We do, on the other hand, have a new season-length plot arc in the offing, in the form of some biological weapons. Gabriel suggests that there’s a member of Directorate S who’s been working on them in the United States, and who has been here even longer than the Jennings have. After a few false starts and near misses, the Jennings make contact with him, and it turns out to be Dylan Baker(!), a great actor whose sarcastic wit is already a boon to the show in the three minutes of dialogue he gets in the episode.

But there’s two other implications to the bio-weapon threat in “Glanders”. The first is the reveal that Tatiana, Oleg’s colleague at the Rezidentura, is working in that program. Arkady is none too pleased about this, especially when it gives her a certain amount of authority to go over her head. It’s more of a suggestion than an actual conflict at this point, but it portends interesting things.

The second is Stan physically threatening Philip while Philip has the deadly biological agent in his breast pocket. Stan is, out of nowhere, sleeping with the woman he met at EST early last season. She spies Philip and Sandra having dinner together, which sends Stan into a jealous, accusatory rage that nearly gets everyone killed. The presence of that vial is a good way to heighten the tension of a standard jealous ex routine, and between Stan’s seeming professional suspicions of Martha, his sudden personal suspicions of Philip, and last season’s green light from the DAG to color outside the lines, he seems poised to be a greater thorn in the Jennings’ side than usual.

“Glanders” also picks up where it left things with Paige last season. She is still asking questions of her parents, trying to better understand what it is that they do and where they go, but hasn’t spilled the beans to anyone else besides Pastor Tim.
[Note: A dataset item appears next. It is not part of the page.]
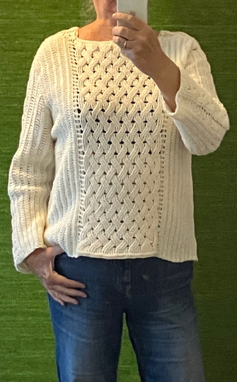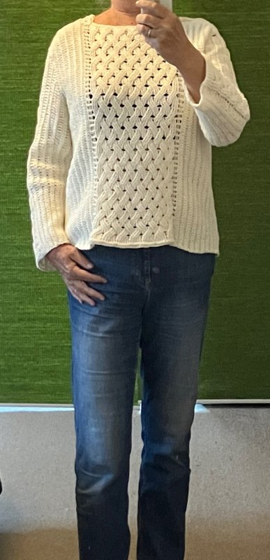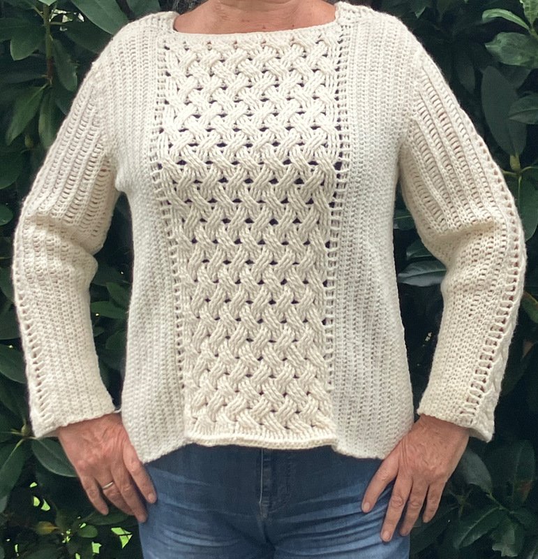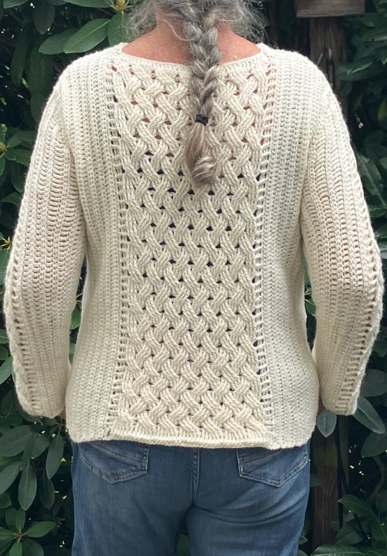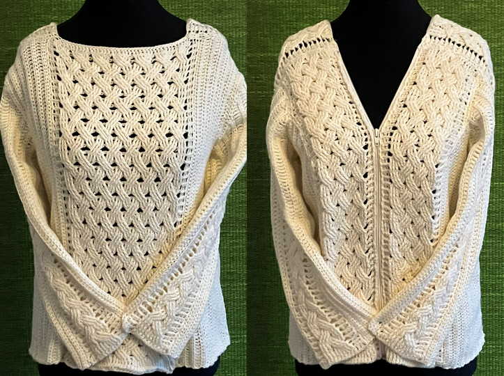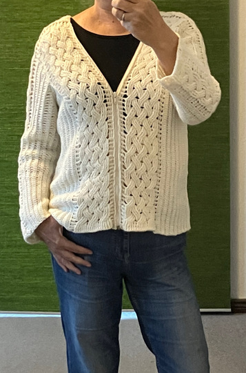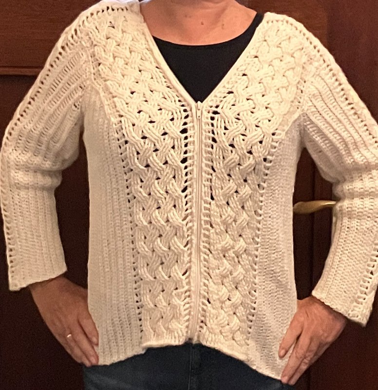 An dieser Jacke bzw. Pullover hab ich lange getüftelt, gefühlt 5 mal wieder aufgeribbelt. Aber jetzt bin ich mit meinem „Meisterstück“ ziemlich zufrieden. Das Problem war nicht das Zopfmuster, sondern das drum herum mit Armausschnitt und so weiter. Jetzt ist es so geworden, dass es leichter zu häkeln ist, als es aussieht. Vor allem der Pullover ist einfacher zu häkeln. Die Jacke erfordert einiges an Erfahrung mit dem Häkeln von Kleidung. Ich erkläre jedes Detail mit Häkelschrift und Text auf 30 Seiten mit vielen Fotos.

I’m increasingly suspicious of the Pastor as some kind of spook or agent, given his prodding of Paige to get her parents to come in for a counseling session over the secret, or to at least have her continue asking more questions and relay them to him. But whether that’s a solid guess on my part or a wild bit of grasping at straws, Elizabeth has bugged the church and is listening in, so that seems to be coming to a head sooner rather than later.

Last but not least, the season premiere touches on Nina and Anton. After all the rigamarole last season, Anton’s prototype stealth bomber wing passes the requisite tests. Nina suggests to the former Rezidentura that she’s had more success with friendship and mentorship than seduction. But she has a demand -- to see her husband, possible spurred by Anton’s speech about what a crappy husband she was. It is, once again, more an introduction than the full start of a story, but it has intrigue, if only because I had half-assumed that Nina’s story of marriage last season was a ruse to gain her cellmate’s trust.

But if there’s a consistent thread in “Glanders”, it’s people finding solace in unusual places, whether it’s Philip confiding in Martha, or Paige having to trust her pastor with a bizarre secret, or Nina seeming to find genuine solace in what was supposed to be a mercenary relationship. The season premiere of The Americans has more seed-planting than development outside of Philip, but the seeds are engaging enough to make me want to see what grows out of them.